Our open-source registry currently tracks over 1.7 million collected SKILL.md configurations and system prompts. By compiling agent configurations from active developers on GitHub, we bridge the gap between prompt engineering research and production execution. Whether you are building agents with Anthropic's Claude Code, OpenAI's GPT-4, Google's Gemini, or local models using Ollama and LlamaIndex, standardized skill definitions ensure your agents behave predictably across different runtime environments.
What is the Model Context Protocol (MCP)?
The Model Context Protocol (MCP) is an open-source standard designed to connect LLMs to data sources, developer tools, and external environments. MCP establishes a bidirectional communication channel between client applications (like Cursor, Claude Desktop, or custom agent systems) and servers hosting data or capabilities. Standardizing instructions via SKILL.md enables LLMs to query databases, read local files, execute terminal commands, and integrate third-party APIs. SkillMD allows you to find ready-to-run MCP servers and prompt instructions for various occupations and technical tasks.
The Structure of a Professional SKILL.md File
A valid SKILL.md configuration is designed to be easily read by humans and parsed by LLMs. It contains precise system instructions, trigger conditions, required parameters, and execution examples. Below is the typical architectural blueprint of a professional agent skill:
- Metadata & Core Scope: Declares the name of the skill, author details, target models, and a description of the capability.

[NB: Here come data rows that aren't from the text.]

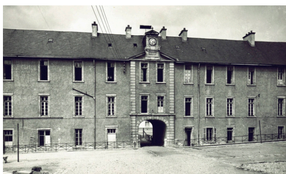
L'ancien porche de l'Hôpital de Poitiers.

This humble group—crippled but possessing exquisite souls—practiced part of The Rule of Wisdom. In Montfort's mind, this group was merely a preparatory association for what would later become the Daughters of Wisdom Institute.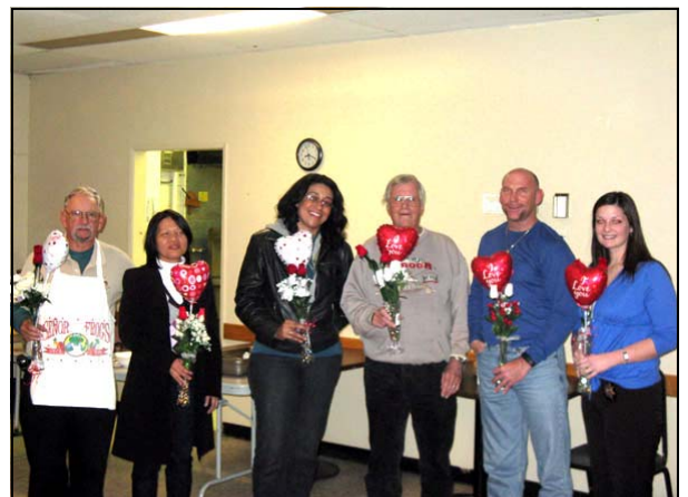
Happy Valentine's Day from us to you.

"No, but it will get the silly smile off your face."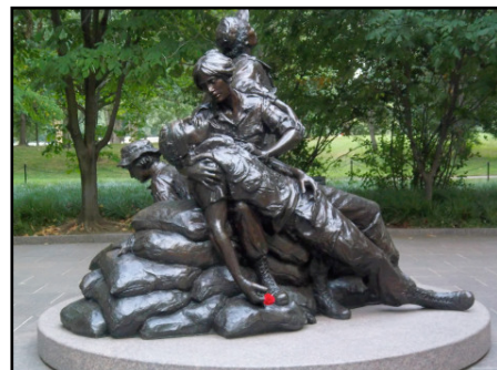
The Vietnam War Memorial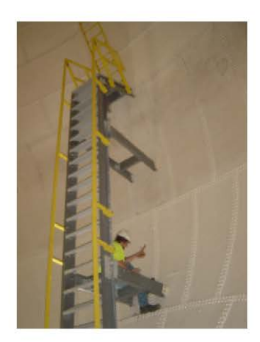
FIGURE 11 - LADDERS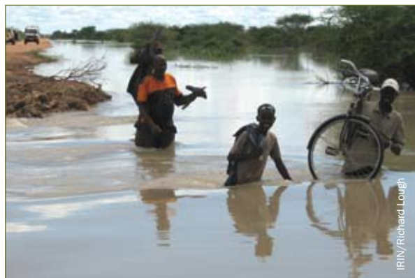
Floodwaters at Dadaab, Kenya, November 2006.

The document of 'Comments and Proposed Revisions to the Negotiating Text' prepared by the Chair of the UNFCCC Ad Hoc Working Group on Long-Term Cooperative Action is available at http://www.unhcr.org/4a408cc19.html ; the revised draft negotiation text, as of July 2009, is available at http://unfccc.int/resource/docs/2009/awglca6/eng/inf01.pdf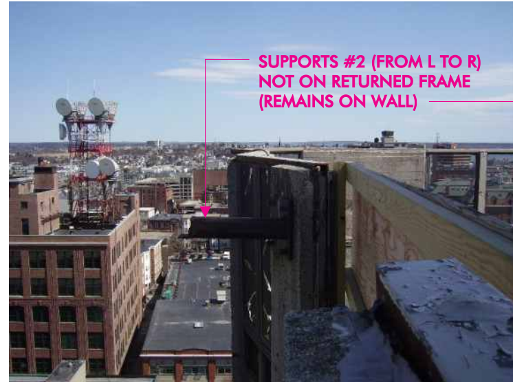
SUPPORTS #2 (FROM L TO R) NOT ON RETURNED FRAME (REMAINS ON WALL)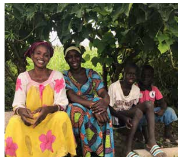
Midwives who will staff and run the health post in Batara Wolof.

Previously, people in these communities would often have to travel long distances, by foot or donkey cart, to seek care for even routine medical care. Even worse, many women would have to make this trek while in labor to safely give birth at a medical facility. This led to alarming rate of births taking place in unsafe and unsanitary conditions... CONTINUED ON PAGE 3

- Triggers & Intent Detection: Details semantic triggers that help the agent decide when to invoke this skill.
- System Prompts: Explicit system-level instructions that direct the agent's behavior, personality, safety guardrails, and formatting preferences.
- Capabilities & Tools: Lists the files, databases, or APIs the agent must access to complete the tasks.
- Few-Shot Examples: Demonstrates real inputs and outputs, helping the model generalize behavior through in-context learning.
Optimizing Agent Workflows for Modern LLMs
Writing effective agent skills requires deep knowledge of prompt engineering. With the release of advanced reasoning models like Claude 3.5 Sonnet, ChatGPT o1, and DeepSeek-V3, prompt templates must focus on structured thinking. Developers are encouraged to use XML tags (e.g., <thought>, <context>, and <rules>) to isolate execution boundaries. Standardized prompts prevent agents from suffering from context drift, ensuring that long-running tasks remain aligned with the initial system parameters.
Exploring by SOC Occupations and Creator Profiles
What makes SkillMD unique is its taxonomy. Instead of simple text search, we parse and organize files according to the Standard Occupational Classification (SOC) system. This means you can discover skills written for Computer and Mathematical roles, Business and Financial operations, Legal, Design, and and Educational Instruction fields. By tracking creator profiles, developers can study how different teams organize their custom instructions, compare version updates, and fork public configs for specialized enterprise use cases.
SkillMD operates as a high-performance index running on a fast Go backend and a highly responsive Astro SSR frontend. All search queries execute in milliseconds, featuring smart debouncing to prevent multiple API requests while keeping user data secure. Join our community of developers to standardize your AI agent instructions and optimize your LLM prompting workflows today.
Frequently Asked Questions
A practical guide to agent skills: what they are, how to inspect them, and how SkillMD helps you explore the ecosystem.